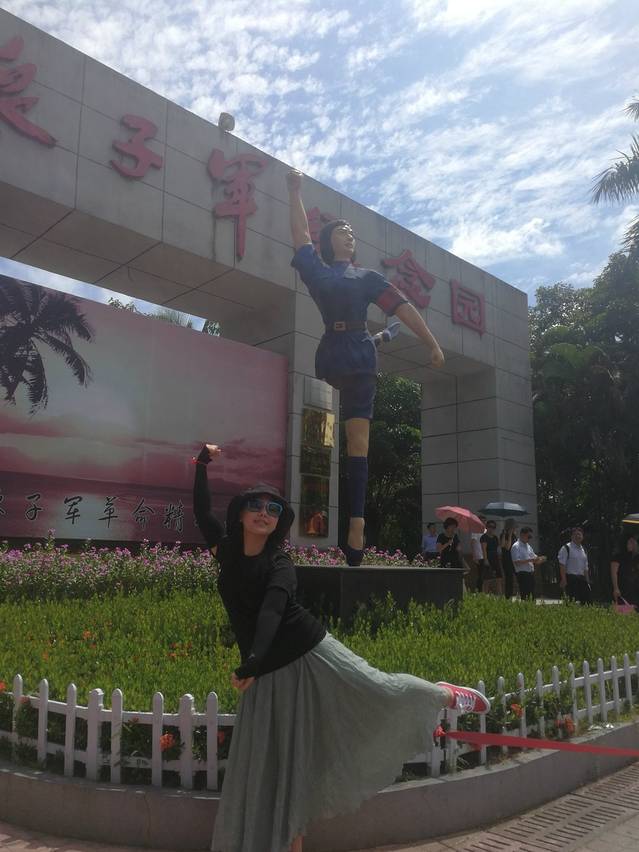 入园门前有个红色娘子军芭蕾舞雕塑,旁边有人租道具,衣服,可以去租了穿上拍照。
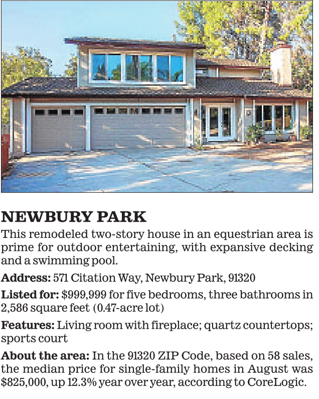 About the area: In the 91320 ZIP Code, based on 58 sales, the median price for single-family homes in August was $825,000, up 12.3% year over year, according to CoreLogic.
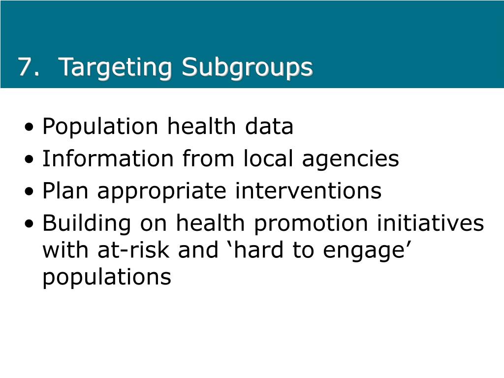 7. Targeting Subgroups • Population health data • Information from local agencies • Plan appropriate interventions • Building on health promotion initiatives with at-risk and ‘hard to engage’ populations
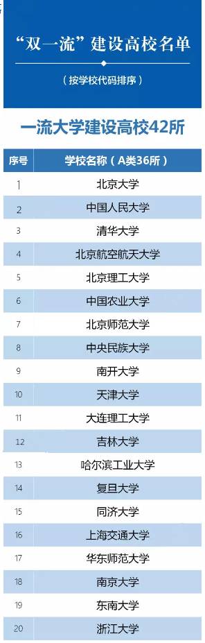 日前,教育部、财政部、国家发展改革委印发《关于公布世界一流大学和一流学科建设高校及建设学科名单的通知》,公布世界一流大学和一流学科(简称“双一流”)建设高校及建设学科名单。
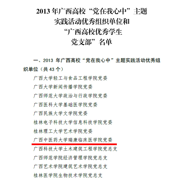 近日,自治区高等学校工作委员会传来喜讯,我院瑞康临床医学院党委获评2013年度广西高校“党在我心中”主题实践活动优秀组织单位。
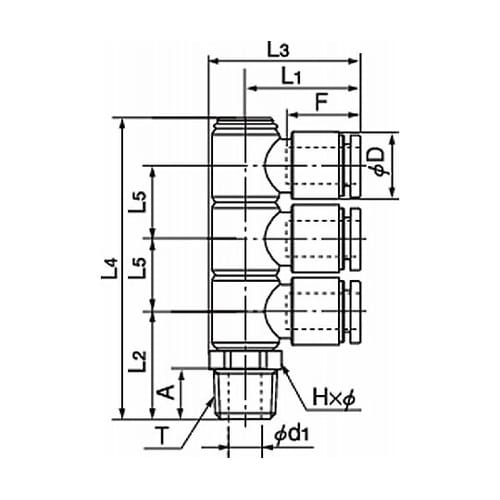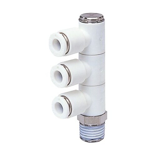 チューブはプッシュワン接続です。無電解ニッケルめっき処理を施しています。ホワイトボディが作業環境を明るくします。難燃性樹脂(UL94規格V−0相当)採用。Rねじ部にシール加工。 |
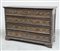 Antico cassettone con quattro cassetti e fianchi pannellati da sagome...
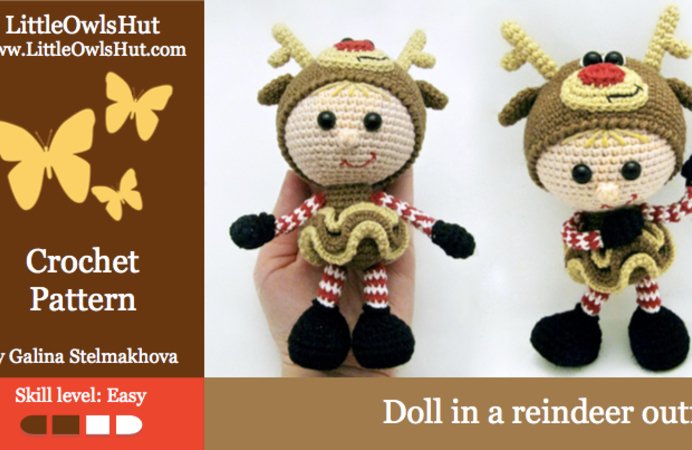 Approx. 14 cm (5.5 inches) tall (without antlers) using the materials stated in the pattern.
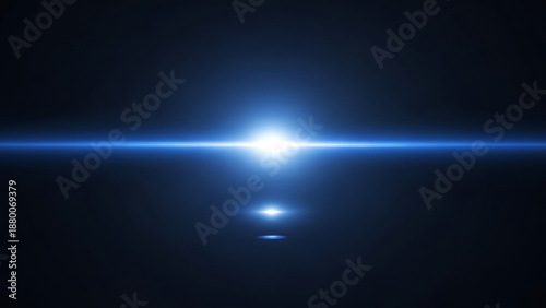 Blue anamorphic lens flare light beam on black background
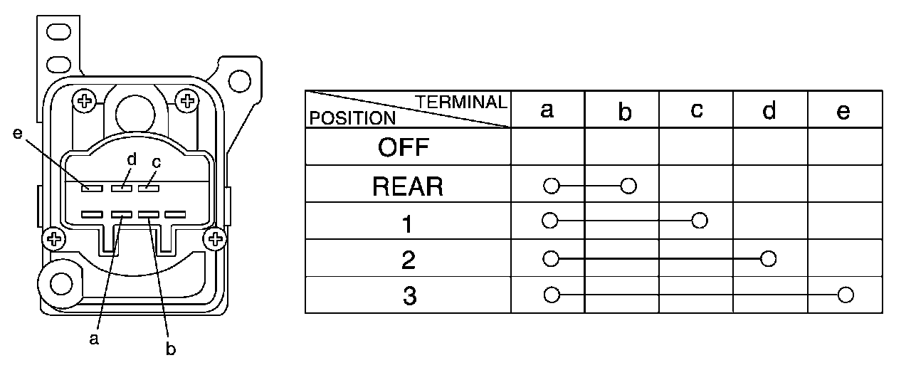 Check rear A/C main switch for each terminal-to-terminal continuity.
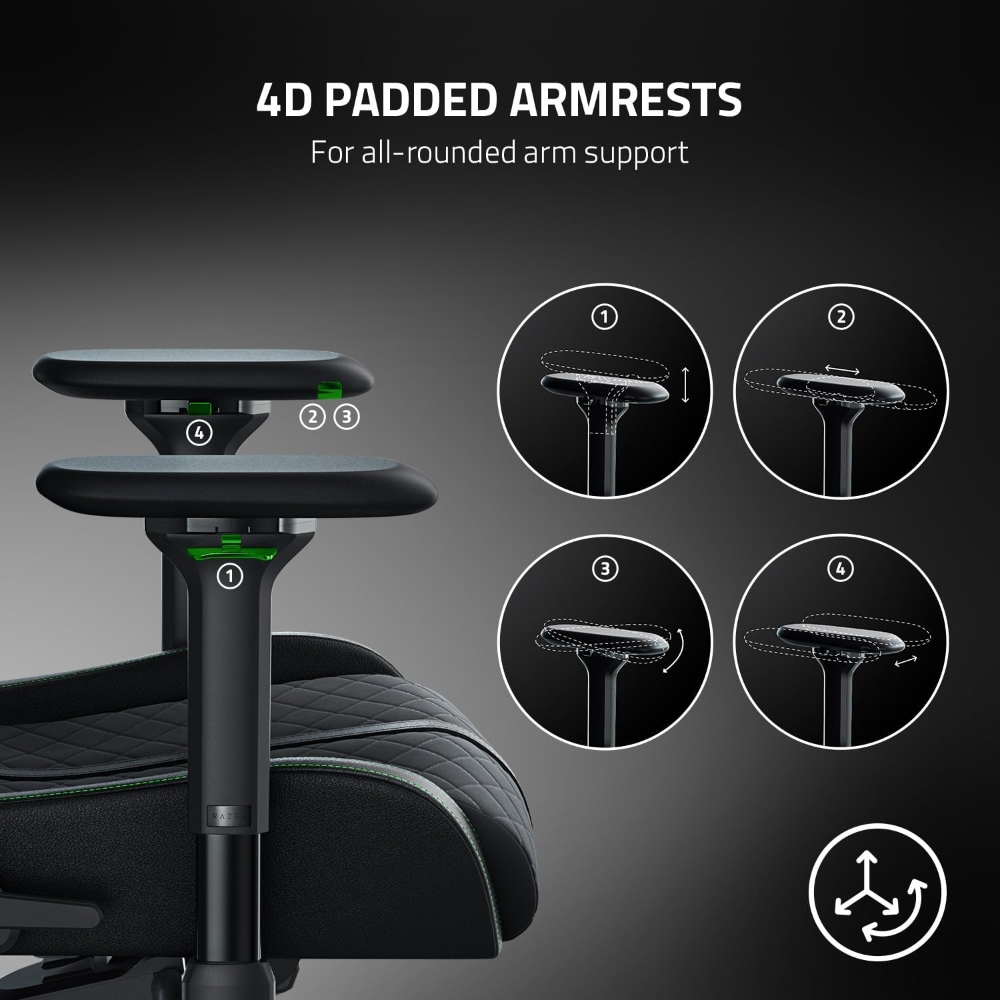 Razer Enki RZ38-03720400-R3U1 diseñada para dar comodidad todo el día, gracias a una combinación de sus exclusivos arcos de hombro extendidos de 110° y una base de asiento ultra ancha de 21”, la silla para juegos Razer Enki garantiza una distribución óptima del peso para una comodidad duradera durante maratones de juegos.

- _Exercise goal_:
Verbatim output of the entries is required, with each image left out.

- _Answer to this task_:
 入园门前有个红色娘子军芭蕾舞雕塑,旁边有人租道具,衣服,可以去租了穿上拍照。
 About the area: In the 91320 ZIP Code, based on 58 sales, the median price for single-family homes in August was $825,000, up 12.3% year over year, according to CoreLogic.
 7. Targeting Subgroups • Population health data • Information from local agencies • Plan appropriate interventions • Building on health promotion initiatives with at-risk and ‘hard to engage’ populations
 日前,教育部、财政部、国家发展改革委印发《关于公布世界一流大学和一流学科建设高校及建设学科名单的通知》,公布世界一流大学和一流学科(简称“双一流”)建设高校及建设学科名单。
 近日,自治区高等学校工作委员会传来喜讯,我院瑞康临床医学院党委获评2013年度广西高校“党在我心中”主题实践活动优秀组织单位。
 チューブはプッシュワン接続です。無電解ニッケルめっき処理を施しています。ホワイトボディが作業環境を明るくします。難燃性樹脂(UL94規格V−0相当)採用。Rねじ部にシール加工。 |
 Antico cassettone con quattro cassetti e fianchi pannellati da sagome...
 Approx. 14 cm (5.5 inches) tall (without antlers) using the materials stated in the pattern.
 Blue anamorphic lens flare light beam on black background
 Check rear A/C main switch for each terminal-to-terminal continuity.
 Razer Enki RZ38-03720400-R3U1 diseñada para dar comodidad todo el día, gracias a una combinación de sus exclusivos arcos de hombro extendidos de 110° y una base de asiento ultra ancha de 21”, la silla para juegos Razer Enki garantiza una distribución óptima del peso para una comodidad duradera durante maratones de juegos.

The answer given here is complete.